Following this, she began to offer some really helpful advice regarding the industry itself. She stressed the importance of staying true to yourself as a performer. Specifically, she advised me to hold on to my native Cheshire accent as she says it offers casting directors something different from the flurry of actors who naturally speak with received pronunciation. She also advised me to keep my cards close to my chest, as the industry is quick to label you which automatically limits your ability to find work; hence, it is always good to have something up your sleeve that you perhaps have not revealed before. This was all so refreshing to hear, as in my experience, you always perform better when you are not constantly looking to recreate a performance that you have seen from someone else, and relate it to yourself instead. The fact that Tamsin felt so strongly about this inspires me to always stay true to myself, and to not feel like I have to change for the industry.
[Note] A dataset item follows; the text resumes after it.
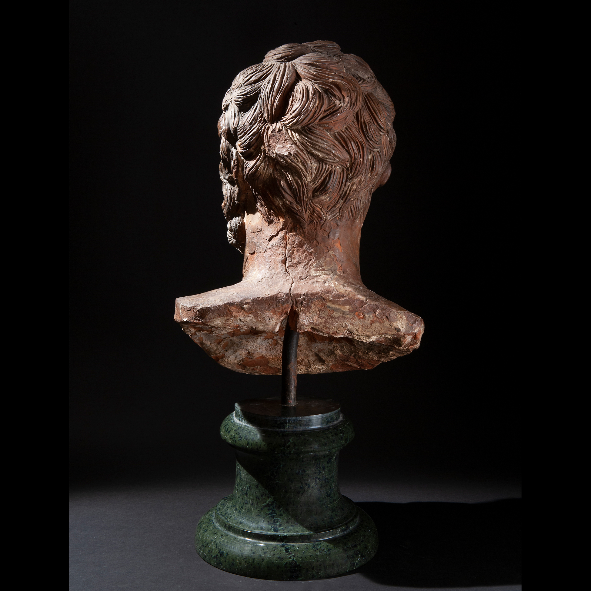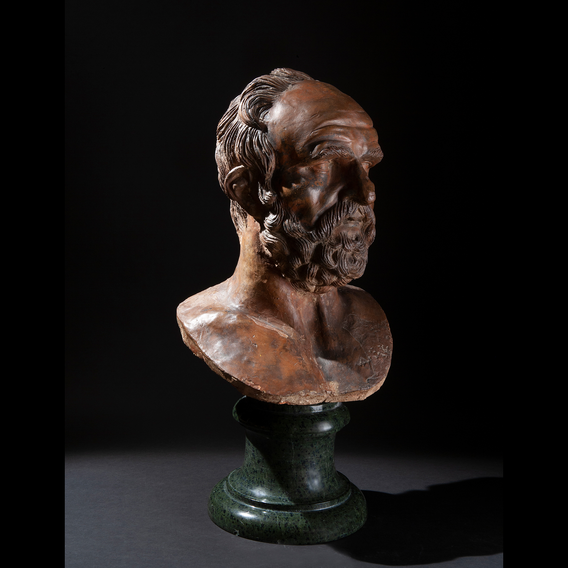 Scultura raffigurante Filosofo, Italia XVIII secolo Scultura manufatta in terracotta. Dimensioni 42x32 cm.

Before Tamsin had to rush off to get in costume, she was able to offer further advice regarding performing through song, saying how it is vital that you let the character’s emotions drive the words you are singing, as opposed to just singing the words. Hearing an actor as successful as Tamsin stress the importance of carrying out this character work encourages me to put in these extra hours which will no doubt contribute to a better performance overall.

After the meeting I watched her in action at the Pinter Theatre – it is more than fair to say that I have a mentor who is greatly inspiring both off and on the stage!